GPs should prescribe LTRA (leukotriene receptor antagonist) tablets to patients earlier than they do in current practice, the guidance says.
NICE's latest draft guideline on managing asthma, now up for consultation, recommends that patients newly diagnosed with asthma should be prescribed a short-acting beta2 agonist (SABA) as reliever therapy to use whenever they experience symptoms.
It advises that patients who regularly use their reliever to control symptoms should be prescribed a low-dose inhaled corticosteroid (ICS) for use as maintenance therapy.
But if symptoms continue to persist, NICE now recommends that patients should be prescribed LTRA tablets alongside ICS as the first-line option of managing symptoms – instead of other options such as combination inhaler therapy.
NICE researchers concluded that both treatments were clinically effective as step-up therapy – but the former can be funded at just 7p a tablet, making it a significantly cheaper and a more desirable first-line option.
Managing asthma
This could reap savings of £3m a year for every 10,000 patients treated under the new recommendations, NICE said.
Patients who still experience symptoms while taking LTRA therapy should then be offered combination inhaler therapy in addition to or instead of the tablets, the recommendations say.
Diagnosis of asthma is not covered in the guidance, and NICE says it is still in the process of working up a separate guideline on this.
It released draft guidance recommending a standardised method of diagnosis two years ago, but finalised publication was delayed following a mixed reception to the recommendations.
Professor Mark Baker, director of the NICE centre for guidelines, said: ‘With this new guideline we want to give clear guidance on how health professionals can help people take control of their symptoms so they can live life to the fullest.

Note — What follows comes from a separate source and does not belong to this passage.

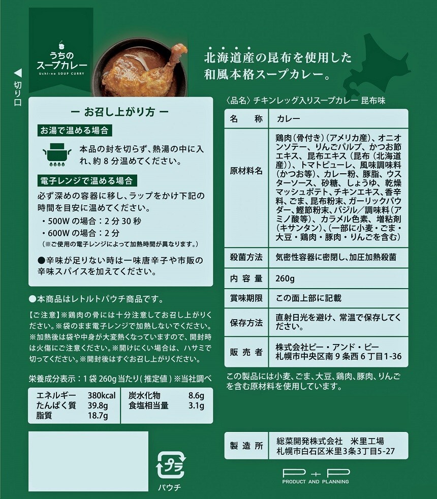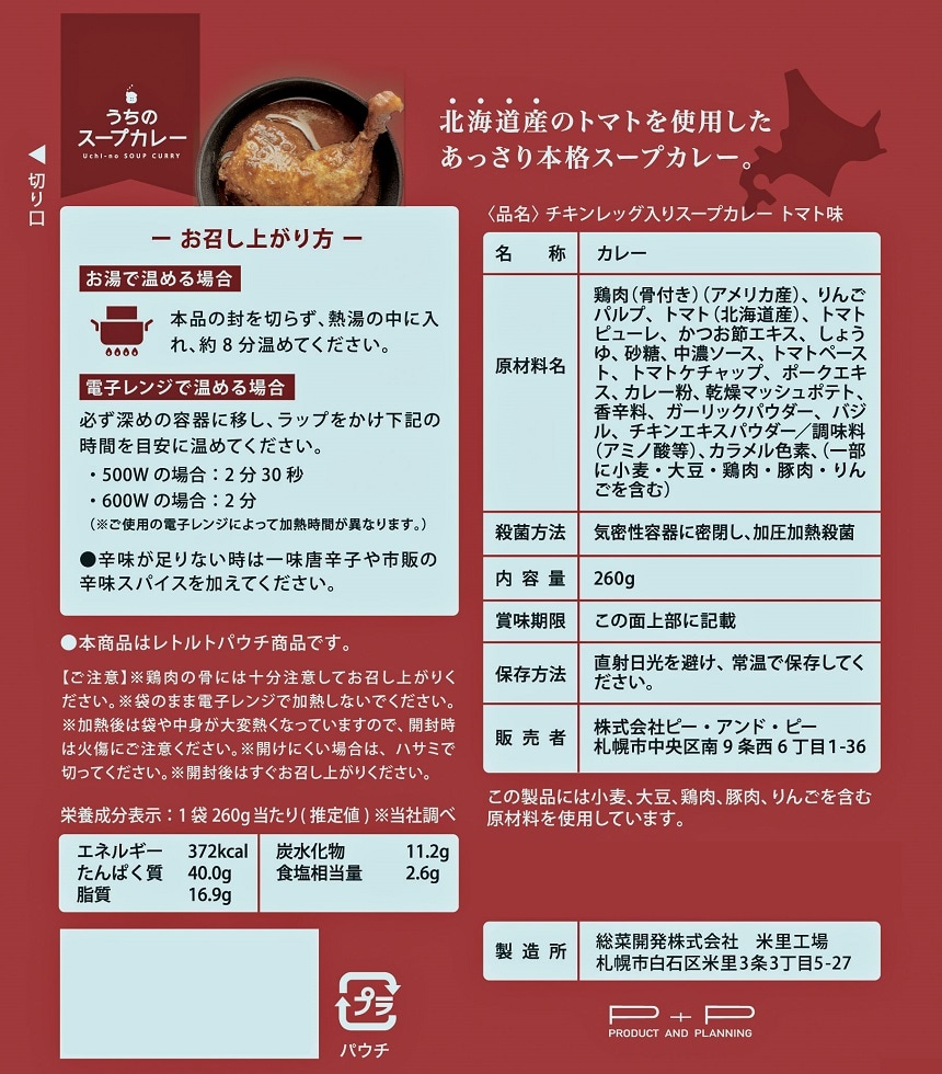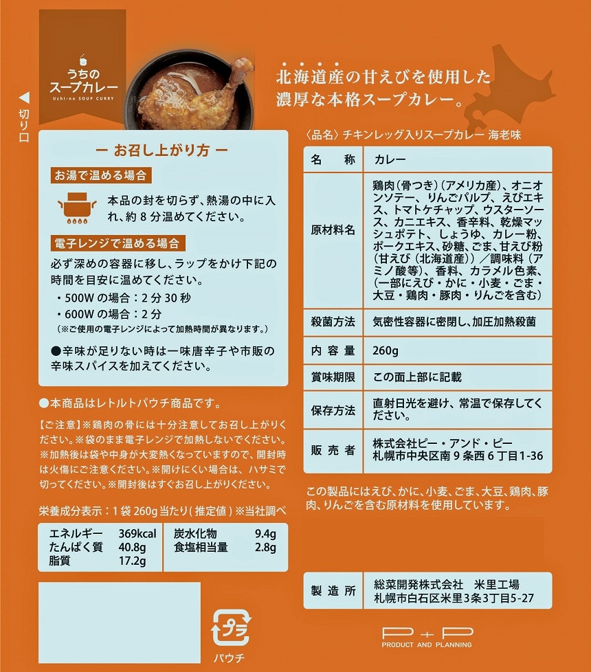 [3種計15個]ピー・アンド・ピー まるごとチキンレッグ入りスープカレー トマト味 260g / 海老味 260g / 昆布味 260g | 北海道生まれのスープカレー♪

‘Millions of people need treatment for their asthma which comes at a price. We also need to make sure that we make the best use of NHS resources and our guidance is the first to set out what the most clinical and cost-effective options for treating asthma are.
‘We recognise that these new recommendations represent a change to current practice. However it is a change that is likely to save the NHS millions each year.
‘We now want to hear from all those who provide care for people with asthma in the NHS to ensure that the views of those this guidance will affect are fully considered.’